Gestern wurde schon beim UdLDigital-Blog Zwischenbilanz gezogen, da bin ich mit meiner App-Kritik vielleicht schon zu spät? Steht die Version 2.0 ganz bald – gefühlt spätestens übermorgen – im App-Store…?

Wenn das allerdings nicht so ist, dann mache ich gerne ein paar Anmerkungen:

UdlDigital hat in Zusammenarbeit mit compuccino eine iPad-App entwickelt, die die Aktivitäten der Bundestagsabgeordneten darstellt. Auch biografische Informationen, Ausschussmitgliedschaften und Kontaktinformationen (auch die Telefonnummer!) sind da. Die intuitive Auswahl nach Fraktion, Bundesland oder Ausschuss führt schnell zum gesuchten Abgeordneten. Unter Meine Kontakte kann man sich die Lieblingsabgeordneten speichern. So hat man immer schnell alle „beobachteten“ Abgeordneten in der Übersicht.

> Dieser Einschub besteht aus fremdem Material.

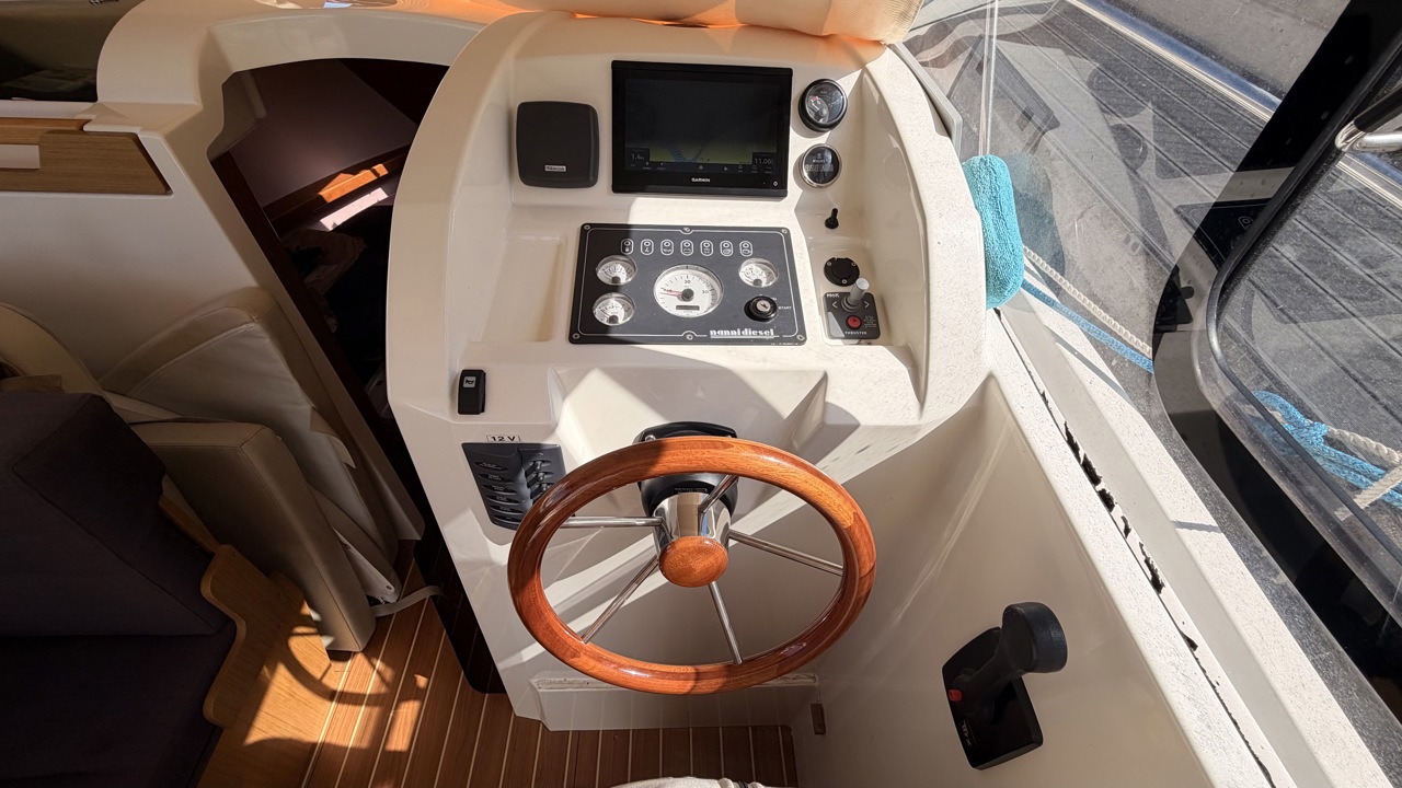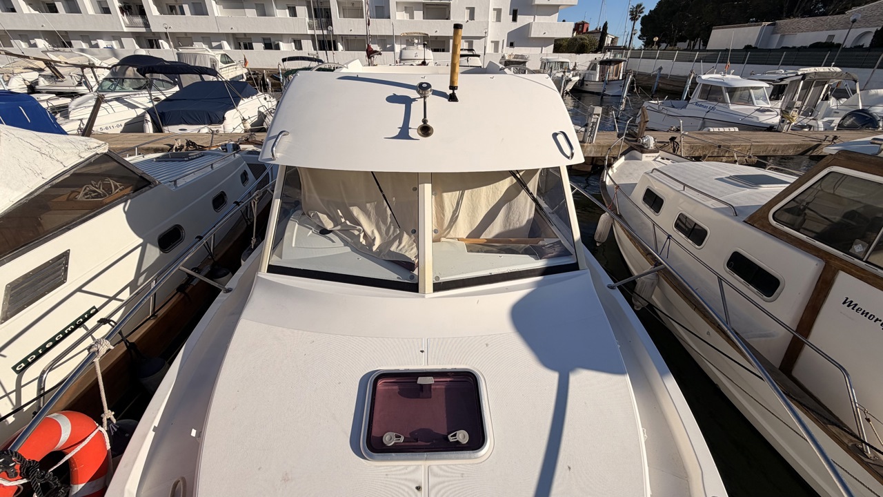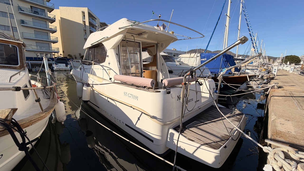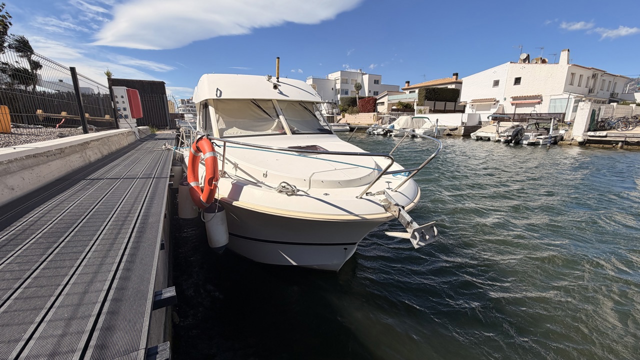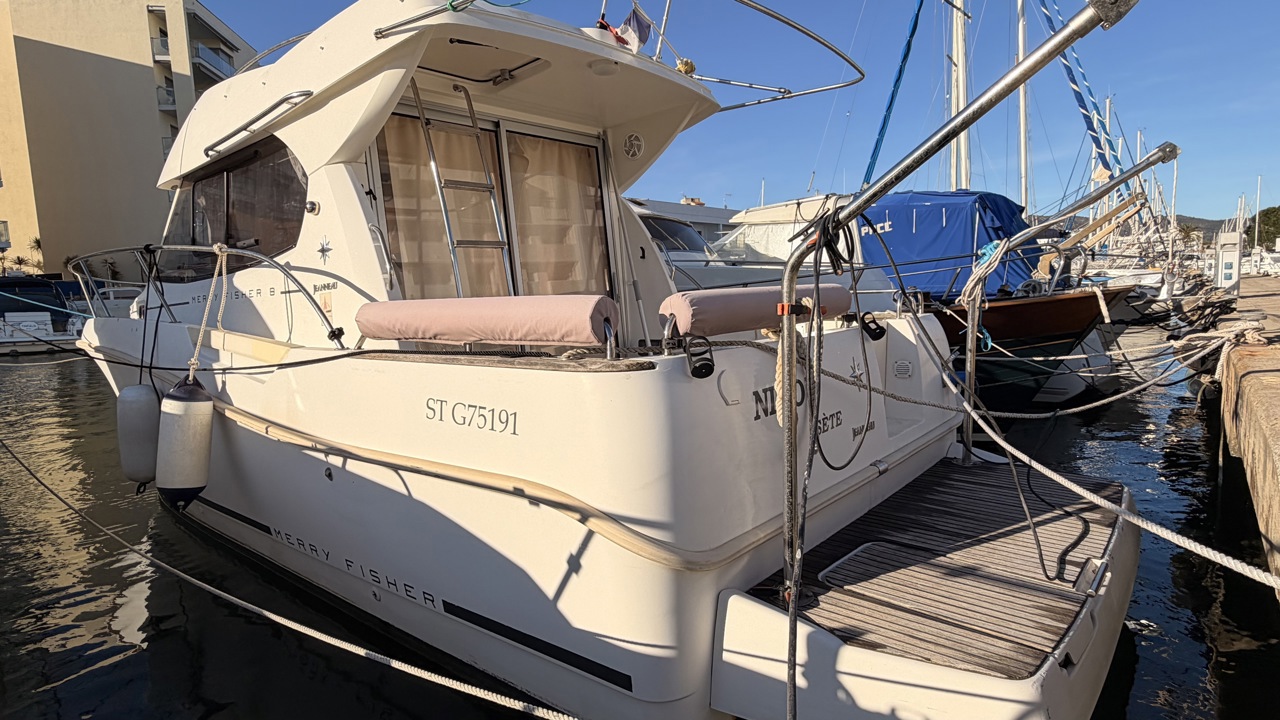 Jeanneau Merry Fisher 8 – 2009 – Nanni Diesel 200 CV – Bateau d’occasion Jeanneau Merry Fisher 8 de 2009 équipé d’un moteur Nanni Diesel T4-200 de 200 CV, fiable et économique en ligne d’arbre. Bateau de 7,48 m avec cabine 2 couchages, carré transformable, coin cuisine et WC. Cockpit spacieux et modulable, idéal pêche ou détente. Entretien suivi avec factures : révision moteur, kit distribution remplacé (2024), antifouling, nettoyage coque, anodes et entretien général. Équipements : propulseur d’étrave, guindeau électrique (ancre 40 m), bain de soleil, bimini, taud, plateforme de bain, douche cockpit, frigo récent (2024), GPS Garmin, VHF récente, sondeur, circuit 12V / 220V. Bateau prêt à naviguer. Visible à Santa Margarita (Costa Brava).Marque Jeanneau

Im Vergleich mit der Bundestags-App fehlen die parlamentarischen Aktivitäten aus dem Plenum. Die Bundestags-App verzichtet dafür auf die Nachrichten-Feeds und die Social Media Aktivitäten und ist auch nur in einer iPhone-Version vorhanden. So richtige Parlaments-Nerds müssen beide Apps haben.